5. Open and Subset Granules Using netcdf4-python and the DAP4 Protocol

The “DAP4” protocol is included with Cloud OPeNDAP-enabled granules. This allows for certain granules to have their variables organized into group hierarchies, complex variable names retrieved, and to further distinguish dataset variables between each other. Because of this difference over on-premises OPeNDAP, which used DAP2, certain programming libraries may require updated methods for accessing Cloud OPeNDAP-enabled granules.

It is required to use the dap4:// protocol in the URL instead of https:// for the netcdf4-python library. Before the first granule in the list is accessed, we first replace the URL protocol in the string, then view its metadata using the netcdf4-python library.

NOTE: Occasionally, due to server load, “BES Connection” errors may appear while opening a Cloud OPeNDAP granule. These errors do not affect granule access.

#dap4_url = daymet_granules_urls.replace("https://", "dap4://")
dap4_url = [url.replace("https://", "dap4://") for url in daymet_granules_urls]

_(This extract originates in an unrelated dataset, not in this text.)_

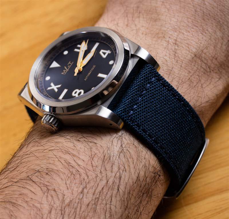 表殼內(nèi)是瑞士 ETA 2824-2 自動(dòng)機(jī)芯,以 4Hz 運(yùn)行,動(dòng)力儲(chǔ)存約兩天。對(duì)于這種風(fēng)格和價(jià)位的手表來(lái)說(shuō),這是一款合適的機(jī)芯。我喜歡表盤(pán)缺少日期窗口的方式,因?yàn)檫@有助于保持美觀和表盤(pán)對(duì)稱(chēng)。MAT 的肩帶很慷慨,而且還碰巧提供了一些我最喜歡的第三方肩帶。California XL 手表提供三種表帶選項(xiàng),但實(shí)際上我一直將它佩戴在同樣來(lái)自 MAT 的藍(lán)色紋理表帶上。在風(fēng)格方面,我喜歡 42.5 毫米寬的表殼和 24 毫米寬的表帶的組合,因?yàn)樗兄谶M(jìn)一步體現(xiàn) California XL 手表所追求的大膽“XL”主題。MAT California XL 手表的包裝中包含一條棕褐色皮革表帶、一條黑色橡膠表帶和折疊展開(kāi)式表扣,以及帶有魔術(shù)貼連接系統(tǒng)的古怪黑色紋理表帶。后一種表帶是手表的有趣但小眾選擇,在隨附的表帶中,棕褐色皮革表帶很容易成為我的最?lèi)?ài)。

f = nc4.Dataset(dap4_url[0], 'r') # HI in 2010
f
<class 'netCDF4._netCDF4.Dataset'>
root group (NETCDF4 data model, file format DAP4):
    start_year: 2010
    source: Daymet Software Version 4.0
    Version_software: Daymet Software Version 4.0
    Version_data: Daymet Data Version 4.0
    Conventions: CF-1.6
    citation: Please see http://daymet.ornl.gov/ for current Daymet data citation information
    references: Please see http://daymet.ornl.gov/ for current information on Daymet references
    dimensions(sizes): y(584), x(284), time(365), nv(2)
    variables(dimensions): float32 y(y), float32 lon(y, x), float32 lat(y, x), float32 time(time), float32 x(x), float32 tmax(time, y, x), int16 lambert_conformal_conic(), float32 time_bnds(time, nv), int16 yearday(time)
    groups: 

6. Open and Subset Granules Using Xarray

Xarray is a commonly-used and widely supported Python library used for accessing and analyzing remotely-hosted datasets. Below, we use the open_dataset() function to access our first Cloud OPeNDAP Daymet granule, and to view its metadata. Both the dap4:// and https:// protocols may be passed into the Xarray library, and subsetting must be done using Xarray.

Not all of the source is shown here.